Chef Darren Pettigrew reinvents Irish cuisine
By Claire Sibonney
TORONTO (Reuters Life!) - Dublin-born chef Darren Pettigrew is not afraid to bring home-style Irish fare to upscale palates, just don't call it pub food.
Pettigrew, 36, recently opened a "gastro bar" called Stella Maris (Latin for "star of the sea") with his fellow Irish-American partner Keith Doyle in New York city's historic Seaport district.
He describes the food at the restaurant, divided into a separate cafe, dining room and bar, as "uncomplicated modern bistro fare."
Besides an extensive raw seafood bar and classic European dishes from France, Spain and Italy, Pettigrew includes a few Irish favorites as well -- cockles and mussels, crubeens (Gaelic for pigs' feet) and pea soup -- which he calls a "wink at Dublin."
He spoke to Reuters about his inspirations, love of cooking and a new ingredient.
Q: How would you define Irish cuisine?
A: "We got a bad rap.

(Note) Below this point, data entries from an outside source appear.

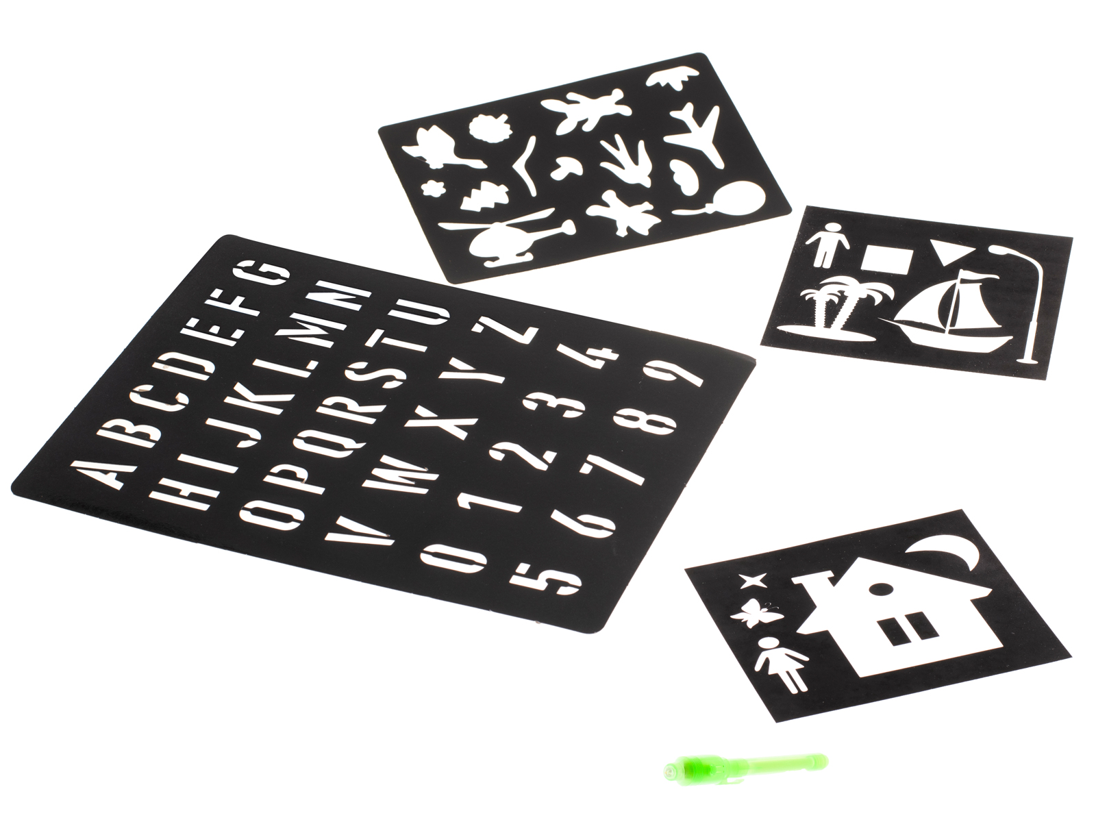 Wszystko, czego potrzebujesz, to zaciemnione pomieszczenie i długopis UV, który znajdziesz w zestawie. Tablica świeci w ciemności, co sprawia, że rysunki są wyjątkowe i magiczne.
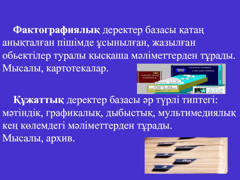 Құжаттық деректер базасы әр түрлі типтегі:
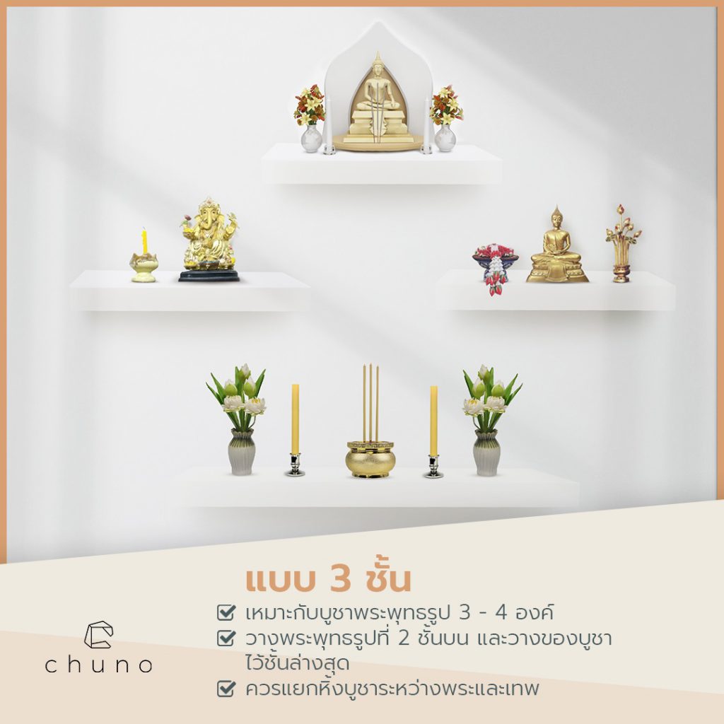 วางพระพุทธรูปที่ 2 ชั้นบน และวางของบูชาไว้ชั้นล่างสุด
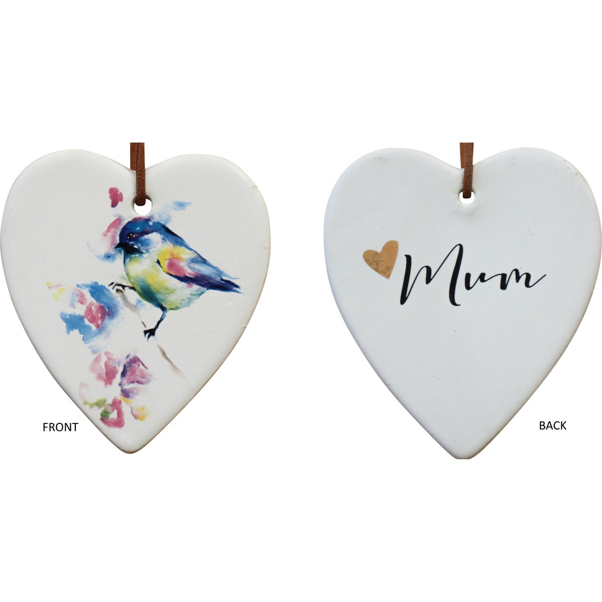 The sheer beauty of this piece lies as much in little details that make it so endearing as to the fact that it has been created keeping in kind that little gifts have adequate potency to create a special kind of effect. The little heat simply has the word Mum in a gorgeous print in black with little golden heart tucked in above. The white of the backdrop making it seem more pristine and beautiful. The other side has this bird in a riot of colours of nature. Sling able and hangable with the ribbon it comes with-this little pendant like gift is a mere 9 cm in height and 8 cm in width and makes a delightful accent that could be added to a larger gift or be given away like it is. Will be loved for its tiny yet beautiful design and unique looks.
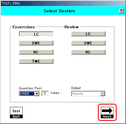 | 12 | 下図のように TOEFLKING のメインメニュー画面が出る事を確認し、LC, SWE, RC
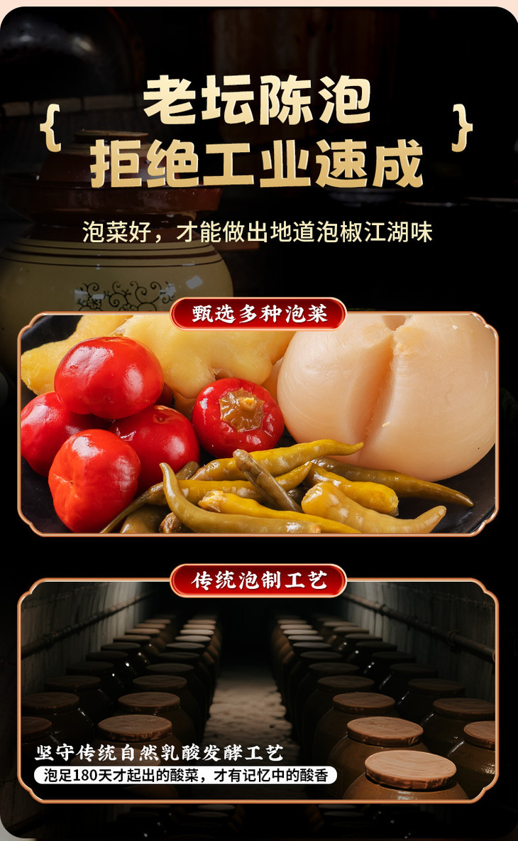 江湖泡椒酱的风味核心,全部来自于“泡”——这一古老的乳酸发酵工艺。 所有辣椒、萝卜、生姜、野山椒等,均采用传统四川老坛,自然发酵 口感脆爽,提味增鲜 泡出酸得透亮,辣得清爽的味道 一口下去,仿佛回到了小时候围着泡菜坛流口水的日子🤤
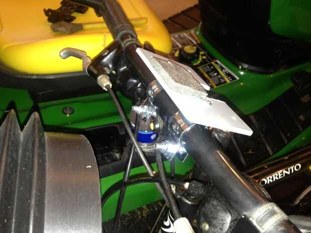 Fije las abrazaderas del manillar, dejándolas un poco flojas. Esto es así puede sentarse en la silla de montar y ajustar el ángulo del teléfono para su placer de la visión. Después de que tienes el derecho de ángulo, apriete las tuercas de las abrazaderas.

Let's just say there is no Irish cuisine. There are a couple dishes, there's a working man's dish, we're going to do it here. It's basically boiled sausages and Irish bacon and potatoes and a few vegetables. It's called coddle. You have it with a pint of Guinness and some brown bread. The joke is corned beef and cabbage, you don't eat corned beef in Ireland."
Q: Do you have a culinary mentor? Continued...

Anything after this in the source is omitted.